### [Your instructions]
Copy the data exactly. Leave nothing out.
======== Data
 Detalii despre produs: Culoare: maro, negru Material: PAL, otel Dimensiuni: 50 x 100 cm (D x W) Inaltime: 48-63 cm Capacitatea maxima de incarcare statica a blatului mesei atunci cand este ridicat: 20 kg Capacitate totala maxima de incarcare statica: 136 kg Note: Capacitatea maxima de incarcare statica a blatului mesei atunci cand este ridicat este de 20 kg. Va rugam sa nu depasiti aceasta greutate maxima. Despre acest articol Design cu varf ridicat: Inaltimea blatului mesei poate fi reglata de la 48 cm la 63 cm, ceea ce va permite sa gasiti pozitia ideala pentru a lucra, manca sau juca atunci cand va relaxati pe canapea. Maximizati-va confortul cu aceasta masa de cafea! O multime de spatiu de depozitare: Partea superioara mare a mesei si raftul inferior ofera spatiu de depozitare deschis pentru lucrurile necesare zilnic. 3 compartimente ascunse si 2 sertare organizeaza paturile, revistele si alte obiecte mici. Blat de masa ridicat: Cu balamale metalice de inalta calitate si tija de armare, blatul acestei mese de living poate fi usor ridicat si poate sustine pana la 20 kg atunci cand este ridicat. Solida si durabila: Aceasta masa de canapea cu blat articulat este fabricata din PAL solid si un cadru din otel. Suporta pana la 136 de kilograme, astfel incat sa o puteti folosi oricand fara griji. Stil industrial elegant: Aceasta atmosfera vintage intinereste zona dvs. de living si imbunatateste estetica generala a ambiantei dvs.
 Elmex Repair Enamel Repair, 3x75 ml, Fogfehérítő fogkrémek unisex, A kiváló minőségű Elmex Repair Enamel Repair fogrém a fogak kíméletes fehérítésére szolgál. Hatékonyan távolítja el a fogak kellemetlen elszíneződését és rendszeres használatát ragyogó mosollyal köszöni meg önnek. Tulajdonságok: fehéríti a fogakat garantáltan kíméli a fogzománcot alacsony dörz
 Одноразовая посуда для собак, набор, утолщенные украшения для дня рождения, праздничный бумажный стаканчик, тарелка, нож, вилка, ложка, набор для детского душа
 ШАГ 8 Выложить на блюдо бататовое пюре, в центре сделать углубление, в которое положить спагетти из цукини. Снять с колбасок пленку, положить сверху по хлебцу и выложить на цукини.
================
### [Written solution]
 Detalii despre produs: Culoare: maro, negru Material: PAL, otel Dimensiuni: 50 x 100 cm (D x W) Inaltime: 48-63 cm Capacitatea maxima de incarcare statica a blatului mesei atunci cand este ridicat: 20 kg Capacitate totala maxima de incarcare statica: 136 kg Note: Capacitatea maxima de incarcare statica a blatului mesei atunci cand este ridicat este de 20 kg. Va rugam sa nu depasiti aceasta greutate maxima. Despre acest articol Design cu varf ridicat: Inaltimea blatului mesei poate fi reglata de la 48 cm la 63 cm, ceea ce va permite sa gasiti pozitia ideala pentru a lucra, manca sau juca atunci cand va relaxati pe canapea. Maximizati-va confortul cu aceasta masa de cafea! O multime de spatiu de depozitare: Partea superioara mare a mesei si raftul inferior ofera spatiu de depozitare deschis pentru lucrurile necesare zilnic. 3 compartimente ascunse si 2 sertare organizeaza paturile, revistele si alte obiecte mici. Blat de masa ridicat: Cu balamale metalice de inalta calitate si tija de armare, blatul acestei mese de living poate fi usor ridicat si poate sustine pana la 20 kg atunci cand este ridicat. Solida si durabila: Aceasta masa de canapea cu blat articulat este fabricata din PAL solid si un cadru din otel. Suporta pana la 136 de kilograme, astfel incat sa o puteti folosi oricand fara griji. Stil industrial elegant: Aceasta atmosfera vintage intinereste zona dvs. de living si imbunatateste estetica generala a ambiantei dvs.
 Elmex Repair Enamel Repair, 3x75 ml, Fogfehérítő fogkrémek unisex, A kiváló minőségű Elmex Repair Enamel Repair fogrém a fogak kíméletes fehérítésére szolgál. Hatékonyan távolítja el a fogak kellemetlen elszíneződését és rendszeres használatát ragyogó mosollyal köszöni meg önnek. Tulajdonságok: fehéríti a fogakat garantáltan kíméli a fogzománcot alacsony dörz
 Одноразовая посуда для собак, набор, утолщенные украшения для дня рождения, праздничный бумажный стаканчик, тарелка, нож, вилка, ложка, набор для детского душа
 ШАГ 8 Выложить на блюдо бататовое пюре, в центре сделать углубление, в которое положить спагетти из цукини. Снять с колбасок пленку, положить сверху по хлебцу и выложить на цукини.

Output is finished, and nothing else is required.